== About this exercise ==
Output the entries below word for word, stopping once the line containing "Aliexpress имеет своё" is done, and omit each picture.

== Data for processing ==
════════

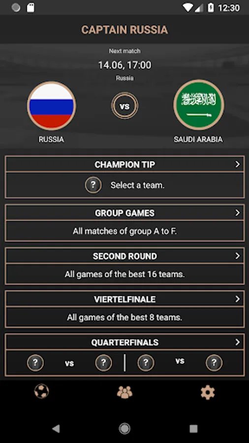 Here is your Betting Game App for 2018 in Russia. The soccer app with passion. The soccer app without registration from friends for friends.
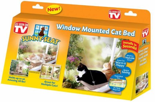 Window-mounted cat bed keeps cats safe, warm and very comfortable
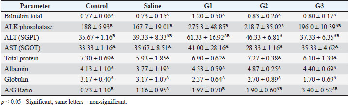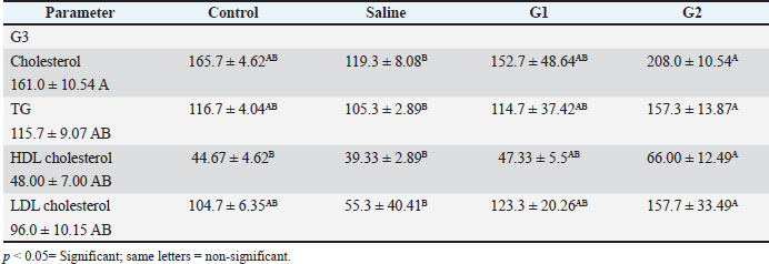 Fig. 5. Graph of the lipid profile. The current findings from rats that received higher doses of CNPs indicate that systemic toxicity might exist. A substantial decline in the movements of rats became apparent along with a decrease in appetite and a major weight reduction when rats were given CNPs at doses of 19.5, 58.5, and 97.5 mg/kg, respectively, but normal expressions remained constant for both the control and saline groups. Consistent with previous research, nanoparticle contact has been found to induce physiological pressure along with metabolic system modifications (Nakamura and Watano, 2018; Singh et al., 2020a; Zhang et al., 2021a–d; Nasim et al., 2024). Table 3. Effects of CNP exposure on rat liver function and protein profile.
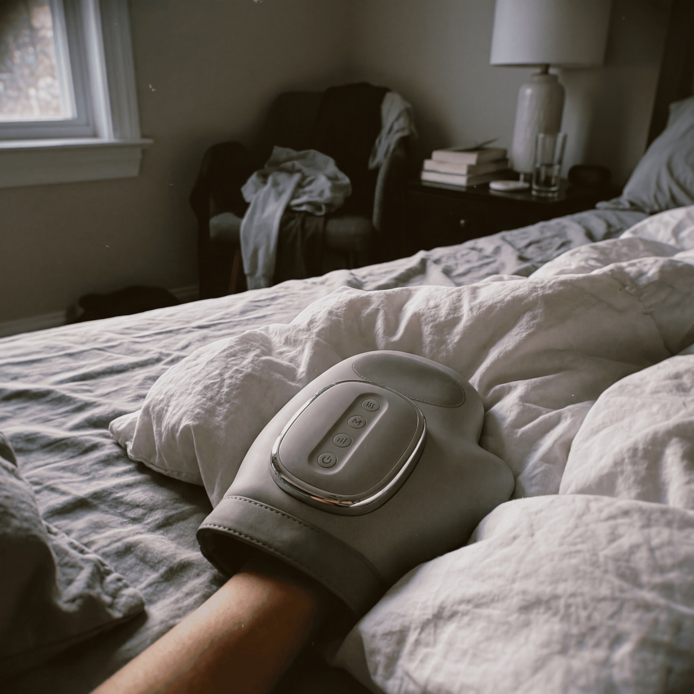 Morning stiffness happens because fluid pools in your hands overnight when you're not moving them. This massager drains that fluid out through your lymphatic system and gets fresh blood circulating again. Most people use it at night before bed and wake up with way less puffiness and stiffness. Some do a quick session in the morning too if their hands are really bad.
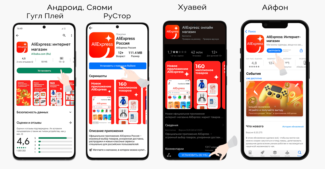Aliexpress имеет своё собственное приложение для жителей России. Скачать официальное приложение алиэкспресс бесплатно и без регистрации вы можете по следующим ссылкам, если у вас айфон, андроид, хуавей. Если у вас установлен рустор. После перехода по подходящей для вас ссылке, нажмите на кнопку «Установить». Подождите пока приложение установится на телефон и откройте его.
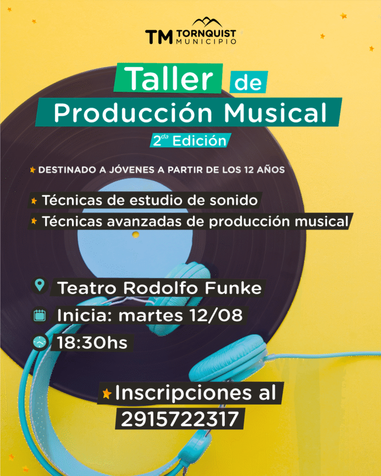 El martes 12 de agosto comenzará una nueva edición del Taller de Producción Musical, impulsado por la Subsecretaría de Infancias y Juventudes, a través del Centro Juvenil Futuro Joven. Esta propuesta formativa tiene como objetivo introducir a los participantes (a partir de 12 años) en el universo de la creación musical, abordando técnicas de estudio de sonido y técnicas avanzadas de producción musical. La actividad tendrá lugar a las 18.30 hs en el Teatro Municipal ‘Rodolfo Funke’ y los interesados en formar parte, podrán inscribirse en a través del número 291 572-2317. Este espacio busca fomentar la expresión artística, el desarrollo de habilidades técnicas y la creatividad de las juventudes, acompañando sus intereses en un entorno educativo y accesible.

════════

== Answer box ==
 Here is your Betting Game App for 2018 in Russia. The soccer app with passion. The soccer app without registration from friends for friends.
 Window-mounted cat bed keeps cats safe, warm and very comfortable
 Fig. 5. Graph of the lipid profile. The current findings from rats that received higher doses of CNPs indicate that systemic toxicity might exist. A substantial decline in the movements of rats became apparent along with a decrease in appetite and a major weight reduction when rats were given CNPs at doses of 19.5, 58.5, and 97.5 mg/kg, respectively, but normal expressions remained constant for both the control and saline groups. Consistent with previous research, nanoparticle contact has been found to induce physiological pressure along with metabolic system modifications (Nakamura and Watano, 2018; Singh et al., 2020a; Zhang et al., 2021a–d; Nasim et al., 2024). Table 3. Effects of CNP exposure on rat liver function and protein profile.
 Morning stiffness happens because fluid pools in your hands overnight when you're not moving them. This massager drains that fluid out through your lymphatic system and gets fresh blood circulating again. Most people use it at night before bed and wake up with way less puffiness and stiffness. Some do a quick session in the morning too if their hands are really bad.
Aliexpress имеет своё собственное приложение для жителей России. Скачать официальное приложение алиэкспресс бесплатно и без регистрации вы можете по следующим ссылкам, если у вас айфон, андроид, хуавей. Если у вас установлен рустор. После перехода по подходящей для вас ссылке, нажмите на кнопку «Установить». Подождите пока приложение установится на телефон и откройте его.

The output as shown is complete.